_Your goal_:
Within the records that follow, restate exactly the lines from the line with "無油渦旋空氣壓縮機(jī)靜" down to the line with "- 在协同环境下启动本功能,将显示对话框", including both. Omit the pictures.

_Data to process_:

>>>

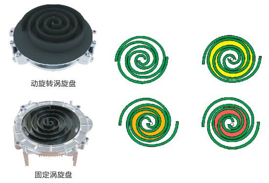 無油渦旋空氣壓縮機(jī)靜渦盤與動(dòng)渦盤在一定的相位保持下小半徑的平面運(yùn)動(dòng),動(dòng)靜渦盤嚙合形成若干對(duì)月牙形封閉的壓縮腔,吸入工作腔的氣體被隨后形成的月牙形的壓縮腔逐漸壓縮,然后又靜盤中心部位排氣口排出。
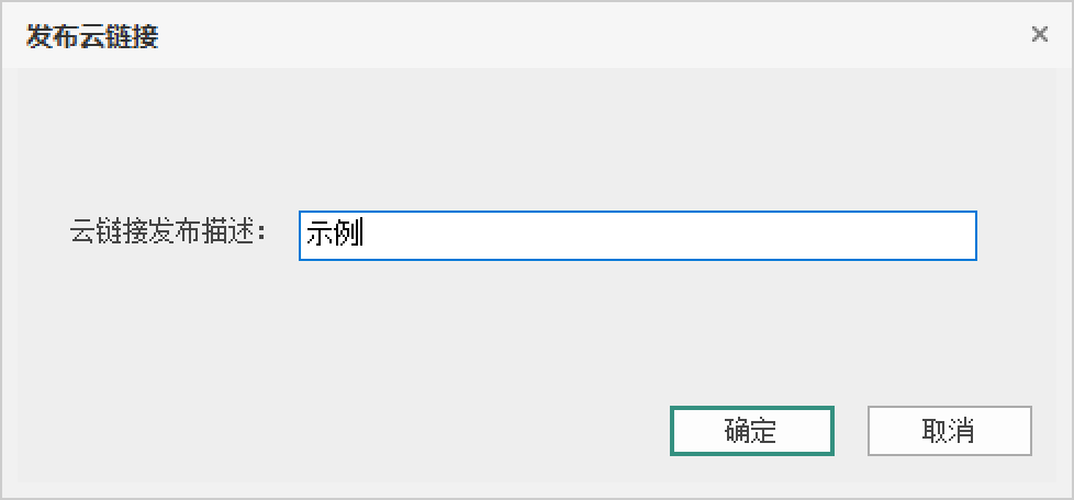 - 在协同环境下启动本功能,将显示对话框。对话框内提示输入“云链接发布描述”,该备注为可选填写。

<<<
>>>

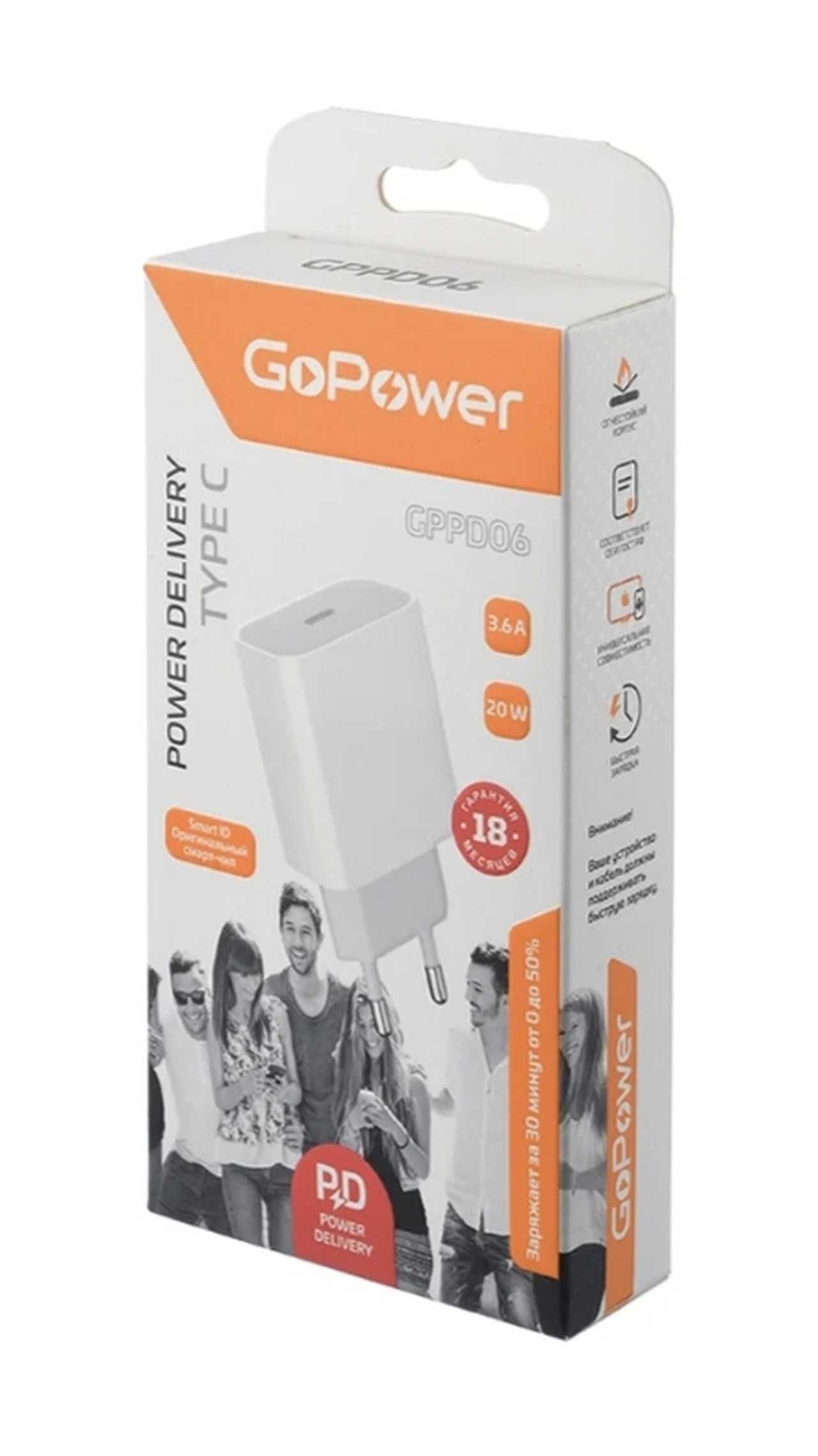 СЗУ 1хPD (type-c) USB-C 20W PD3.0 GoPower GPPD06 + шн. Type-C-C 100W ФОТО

<<<
>>>

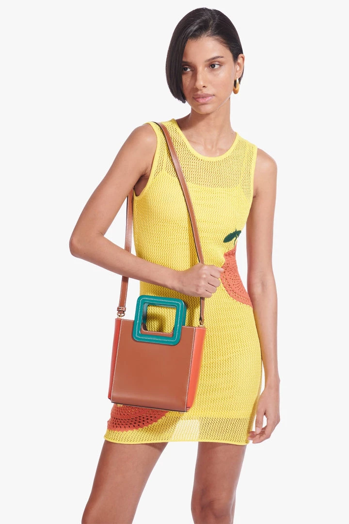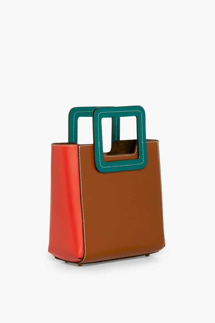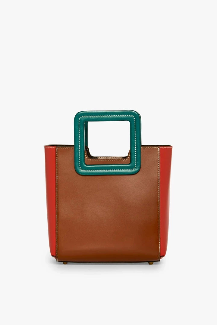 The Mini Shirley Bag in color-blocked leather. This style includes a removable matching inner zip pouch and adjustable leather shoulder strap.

<<<

_Your solution_:
 無油渦旋空氣壓縮機(jī)靜渦盤與動(dòng)渦盤在一定的相位保持下小半徑的平面運(yùn)動(dòng),動(dòng)靜渦盤嚙合形成若干對(duì)月牙形封閉的壓縮腔,吸入工作腔的氣體被隨后形成的月牙形的壓縮腔逐漸壓縮,然后又靜盤中心部位排氣口排出。
 - 在协同环境下启动本功能,将显示对话框。对话框内提示输入“云链接发布描述”,该备注为可选填写。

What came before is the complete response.